═══ Data under study

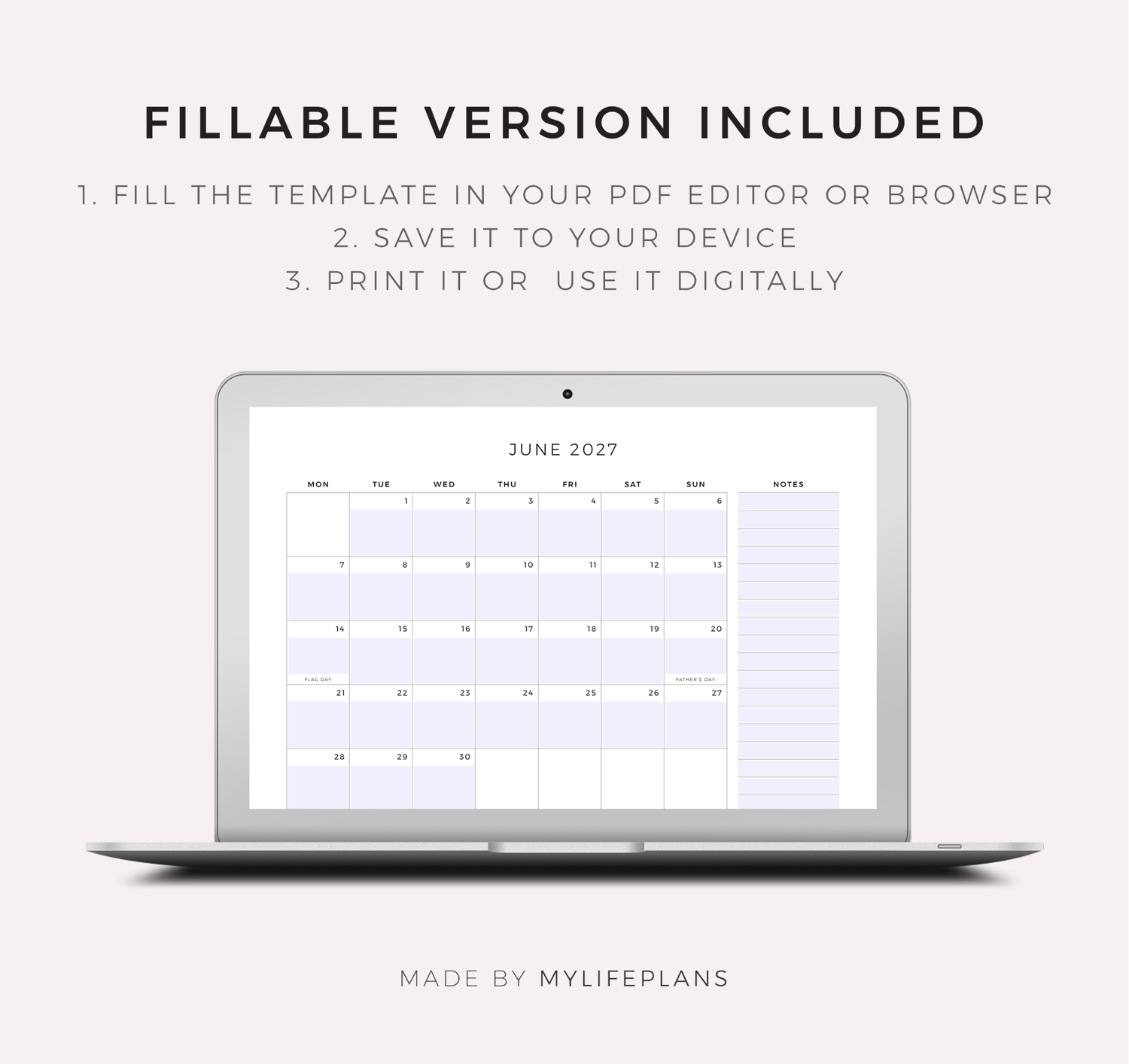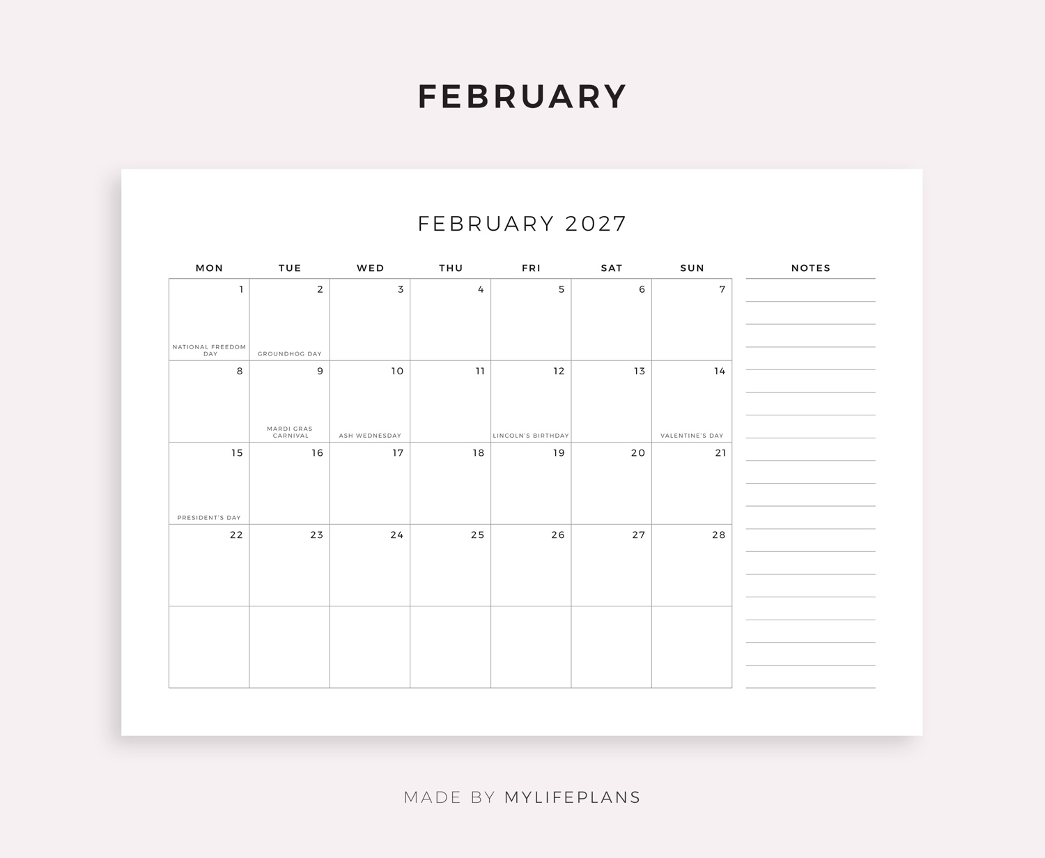 2027 Monthly Planner with Holidays, A4/Letter Size, Printable & Fillable PDF
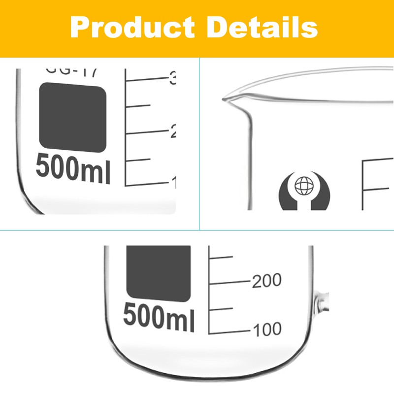 Glass Beaker with Handle 50-1000ml Borosilicate Glass Graduated Beaker Scale for Laboratory
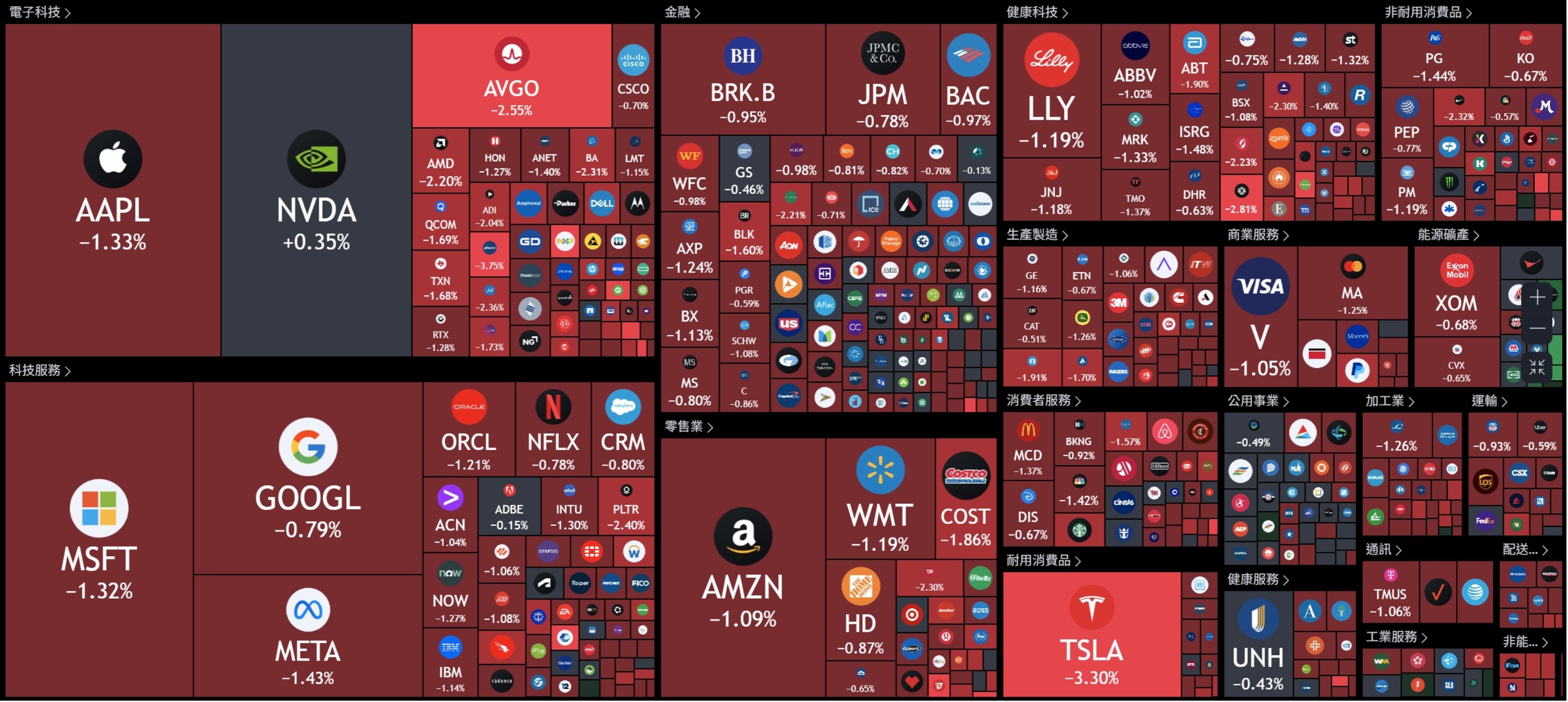 ▼ 下跌:汽車及零部件、金融科技、百貨零售
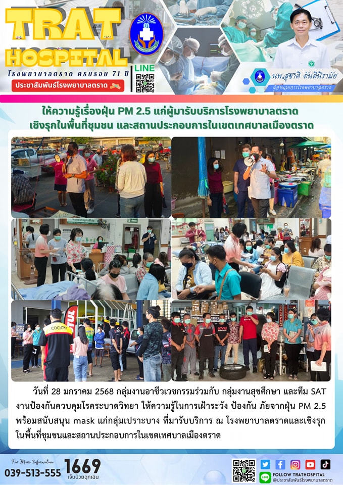 กลุ่มงานสุขศึกษา ร่วมกับกลุ่มงานอาชีวเวชกรรม ให้ความรู้และการป้องกัน ฝุ่น PM2.5 ในจังหวัดตราด
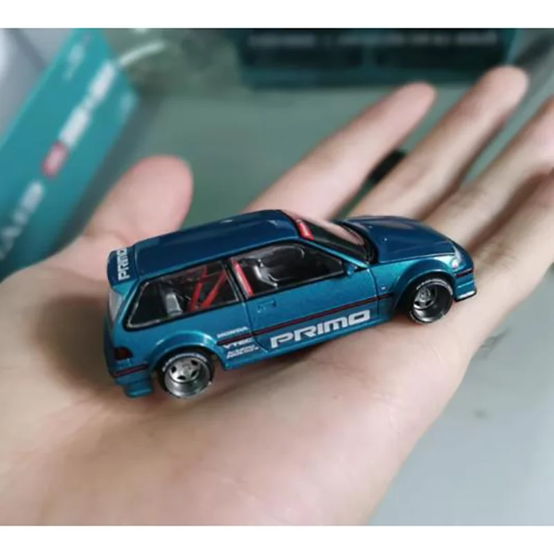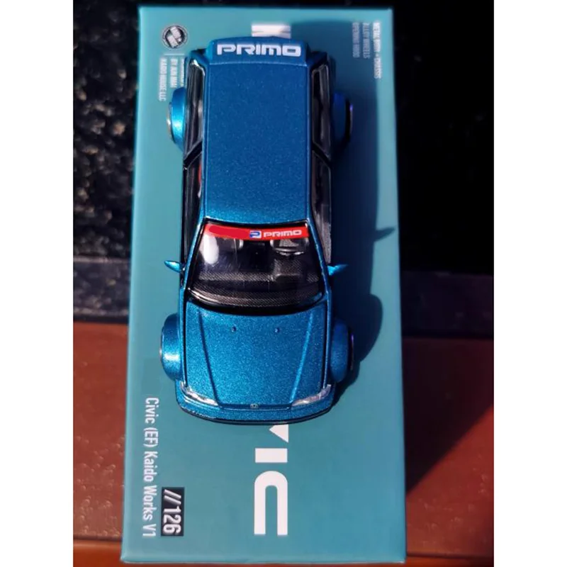 Imagine owning a beautifully crafted miniature replica of the iconic Honda Civic EF in vivid metallic blue. This diecast model captures the car’s sleek, aerodynamic design with remarkable attention to detail, from the distinct front headlights to the carefully molded grille. The transparent windows reveal an intricately detailed interior, making it an impressive display piece or collectible. Its realistic multi-spoke dark gray alloy rims and low-profile tires enhance its sporty appearance. With authentic accents like bold “PRIMO” lettering and racing decals such as “VTEC” and “Honda,” this model exudes energy and style. Perfect for enthusiasts, it elevates any collection or display setup, making it a durable and visually striking addition.
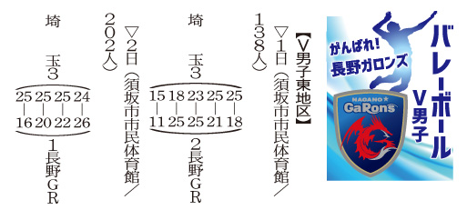 バレーボールVリーグ男子東地区の長野GaRons(ガロンズ)は1、2日、須坂市市民体育館で埼玉アザレアと対戦し、1日はフルセットの末に2―3、2日は1―3で敗れた。通算1勝3敗。白星で飾った開幕戦後、3連敗となった。

══════

The entire listing above, word for word and without pictures, is what should be output.

 2027 Monthly Planner with Holidays, A4/Letter Size, Printable & Fillable PDF
 Glass Beaker with Handle 50-1000ml Borosilicate Glass Graduated Beaker Scale for Laboratory
 ▼ 下跌:汽車及零部件、金融科技、百貨零售
 กลุ่มงานสุขศึกษา ร่วมกับกลุ่มงานอาชีวเวชกรรม ให้ความรู้และการป้องกัน ฝุ่น PM2.5 ในจังหวัดตราด
 Imagine owning a beautifully crafted miniature replica of the iconic Honda Civic EF in vivid metallic blue. This diecast model captures the car’s sleek, aerodynamic design with remarkable attention to detail, from the distinct front headlights to the carefully molded grille. The transparent windows reveal an intricately detailed interior, making it an impressive display piece or collectible. Its realistic multi-spoke dark gray alloy rims and low-profile tires enhance its sporty appearance. With authentic accents like bold “PRIMO” lettering and racing decals such as “VTEC” and “Honda,” this model exudes energy and style. Perfect for enthusiasts, it elevates any collection or display setup, making it a durable and visually striking addition.
 バレーボールVリーグ男子東地区の長野GaRons(ガロンズ)は1、2日、須坂市市民体育館で埼玉アザレアと対戦し、1日はフルセットの末に2―3、2日は1―3で敗れた。通算1勝3敗。白星で飾った開幕戦後、3連敗となった。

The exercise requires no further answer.